# Exercise brief
What you give back must match the data exactly, minus the pictures.

# Supplied material
::::
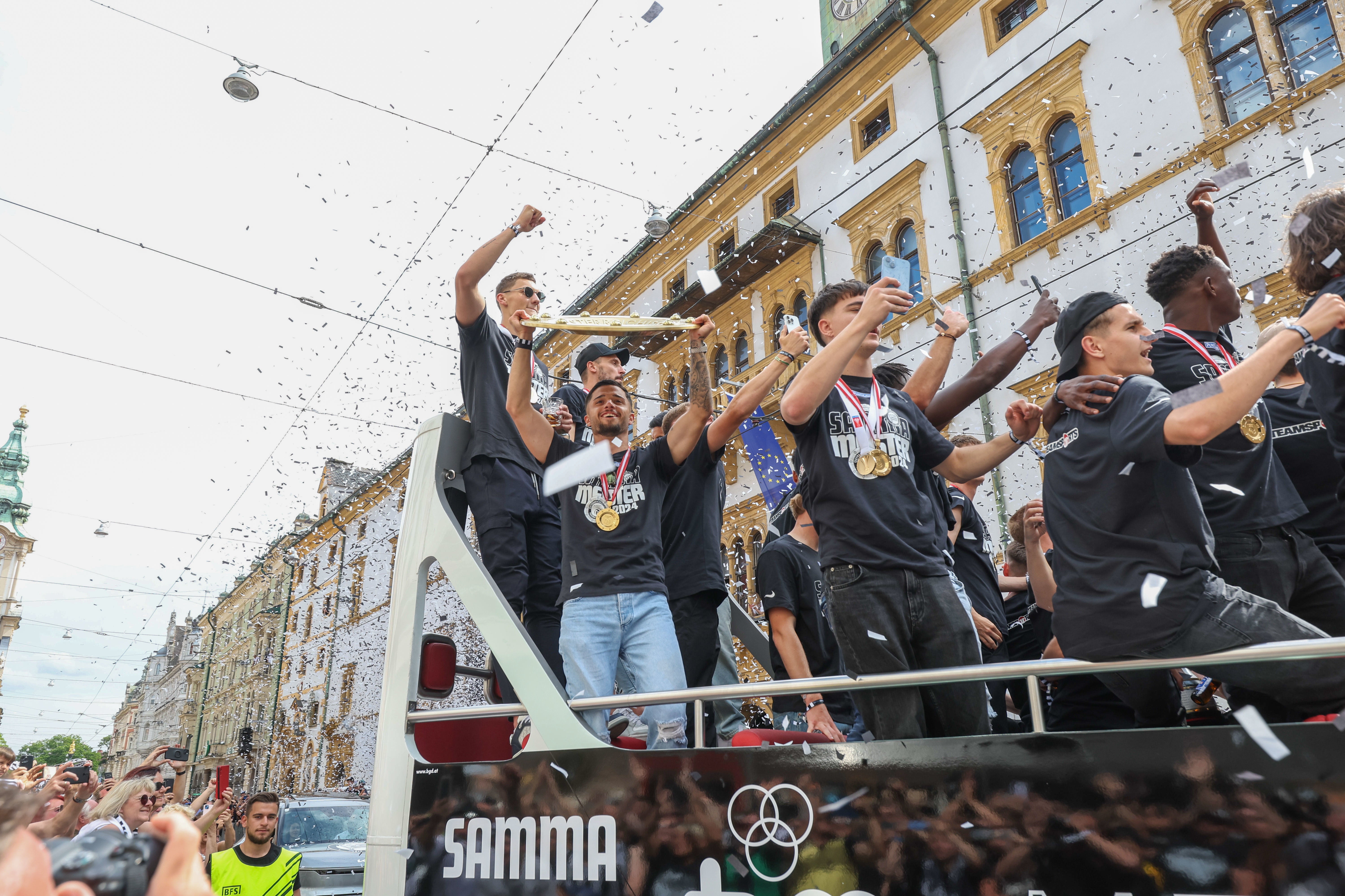 22 Stunden nach der Thriller-Entscheidung um den Titel- und damit den zweiten Double-Gewinn versetzten die Sturm-Graz-Helden die steirische Hauptstadt in Ausnahmezustand.
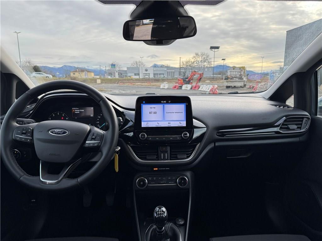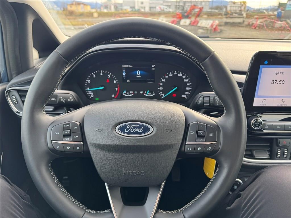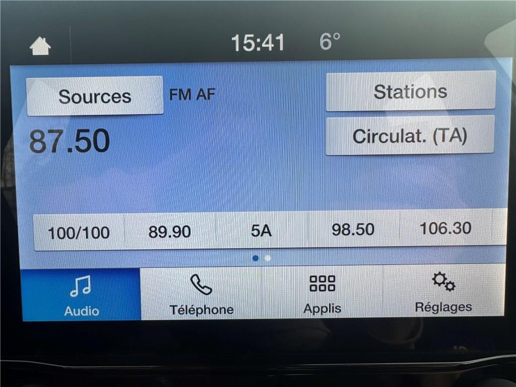 2 Fixations ISOFIX aux places AR|3ème appui-tête AR|5 ceintures de sécurité 3 points|Aide au démarrage en côte|Aide au maintien dans la voie|Aide au stationnement AR|Airbags frontaux, latéraux (thorax) et rideaux|Air conditionné automatique|Alerte de baisse de vigilance du conducteur|Alerte de ceinture de sécurité AV/AR|Alerte de franchissement involontaire de ligne|Allumage automatique des phares et des feux de route|Banquette rabattable 60/40|Becquet AR couleur carrosserie|Console centrale avec accoudoir|Crochet d'attelage détachable|Désactivation de l'airbag passager|Direction assistée électrique|ESP|Grille de calandre avec barres horizontales et contour façon chrome|Jantes acier structuré 15" avec pneus 195/60/R15|Kit de réparation des pneumatiques|Lèche-vitres chromés|Limiteur et régulateur de vitesse|Ordinateur de bord couleur 4.2"|Pack Vitres|Pare-chocs couleur carrosserie|Peinture métallisée Bleu Azur|Phares et feux de route à LED|Poignées de portes couleur carrosserie|Reconnaissance des panneaux de signalisation|Rétroviseur électrochromique|Rétroviseur intérieur jour/nuit|Rétroviseurs extérieurs couleur carrosserie rabattables manuellement|Rétroviseurs extérieurs réglables électriquement couleur carrosserie|Sellerie Tissu Noir Kasbah avec renforts latéraux Eton|Siège conducteur à réglage manuel 4 positions|Siège passager à réglage manuel 2 positions|Système audio Ford SYNC avec écran tactile 8", 2 ports USB, DAB, compatible AppLink, Apple CarPlay|Système de surveillance de la pression des pneus|Système MyKey (seconde clé programmable)|Tapis de sol AV|Trappe Easy Fuel|Verrouillage centralisé à distance|Vitres AV et AR électriques|Volant 3 branches en cuir
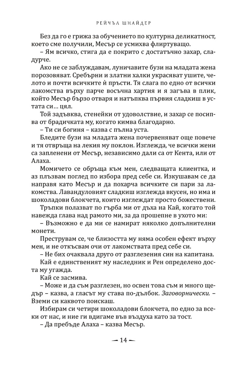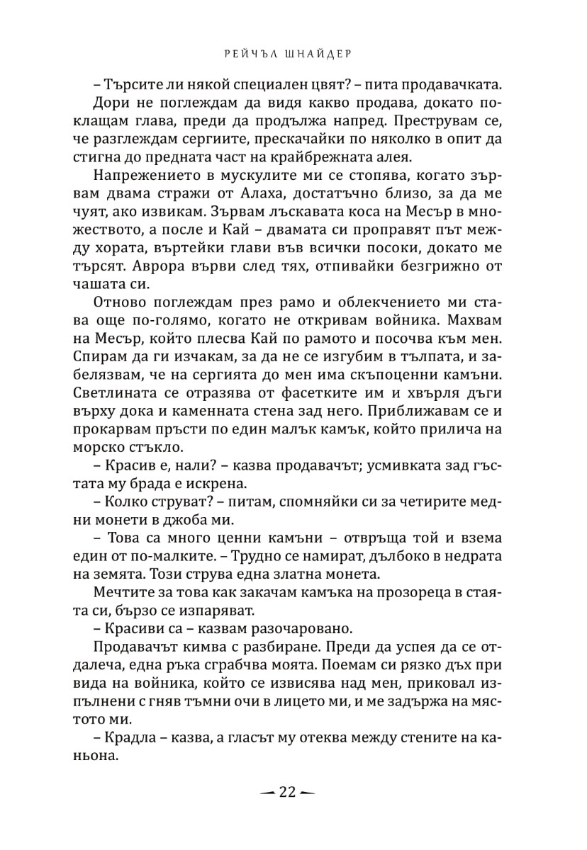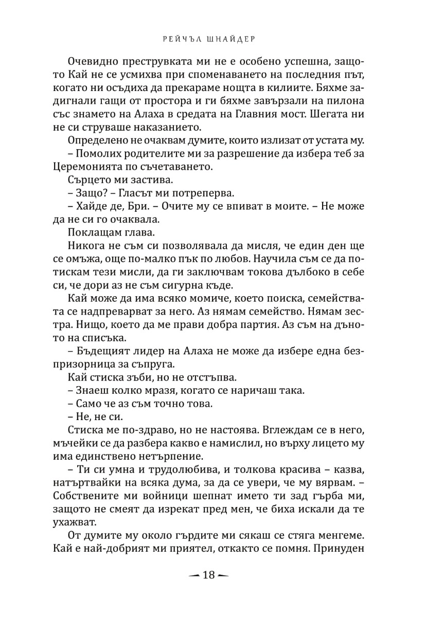 След завръщането си в Алаха тя се сблъсква с последиците: народът ѝ е заплашен от глад и се носят слухове за бунт. Но когато пристига неочакван посетител, Брин открива свят на магия, предателства и опасни съюзи. А тъмните, знаещи очи на този непознат я карат да постави под въпрос всичко, в което някога е вярвала…
::::
# Result
 22 Stunden nach der Thriller-Entscheidung um den Titel- und damit den zweiten Double-Gewinn versetzten die Sturm-Graz-Helden die steirische Hauptstadt in Ausnahmezustand.
 2 Fixations ISOFIX aux places AR|3ème appui-tête AR|5 ceintures de sécurité 3 points|Aide au démarrage en côte|Aide au maintien dans la voie|Aide au stationnement AR|Airbags frontaux, latéraux (thorax) et rideaux|Air conditionné automatique|Alerte de baisse de vigilance du conducteur|Alerte de ceinture de sécurité AV/AR|Alerte de franchissement involontaire de ligne|Allumage automatique des phares et des feux de route|Banquette rabattable 60/40|Becquet AR couleur carrosserie|Console centrale avec accoudoir|Crochet d'attelage détachable|Désactivation de l'airbag passager|Direction assistée électrique|ESP|Grille de calandre avec barres horizontales et contour façon chrome|Jantes acier structuré 15" avec pneus 195/60/R15|Kit de réparation des pneumatiques|Lèche-vitres chromés|Limiteur et régulateur de vitesse|Ordinateur de bord couleur 4.2"|Pack Vitres|Pare-chocs couleur carrosserie|Peinture métallisée Bleu Azur|Phares et feux de route à LED|Poignées de portes couleur carrosserie|Reconnaissance des panneaux de signalisation|Rétroviseur électrochromique|Rétroviseur intérieur jour/nuit|Rétroviseurs extérieurs couleur carrosserie rabattables manuellement|Rétroviseurs extérieurs réglables électriquement couleur carrosserie|Sellerie Tissu Noir Kasbah avec renforts latéraux Eton|Siège conducteur à réglage manuel 4 positions|Siège passager à réglage manuel 2 positions|Système audio Ford SYNC avec écran tactile 8", 2 ports USB, DAB, compatible AppLink, Apple CarPlay|Système de surveillance de la pression des pneus|Système MyKey (seconde clé programmable)|Tapis de sol AV|Trappe Easy Fuel|Verrouillage centralisé à distance|Vitres AV et AR électriques|Volant 3 branches en cuir
 След завръщането си в Алаха тя се сблъсква с последиците: народът ѝ е заплашен от глад и се носят слухове за бунт. Но когато пристига неочакван посетител, Брин открива свят на магия, предателства и опасни съюзи. А тъмните, знаещи очи на този непознат я карат да постави под въпрос всичко, в което някога е вярвала…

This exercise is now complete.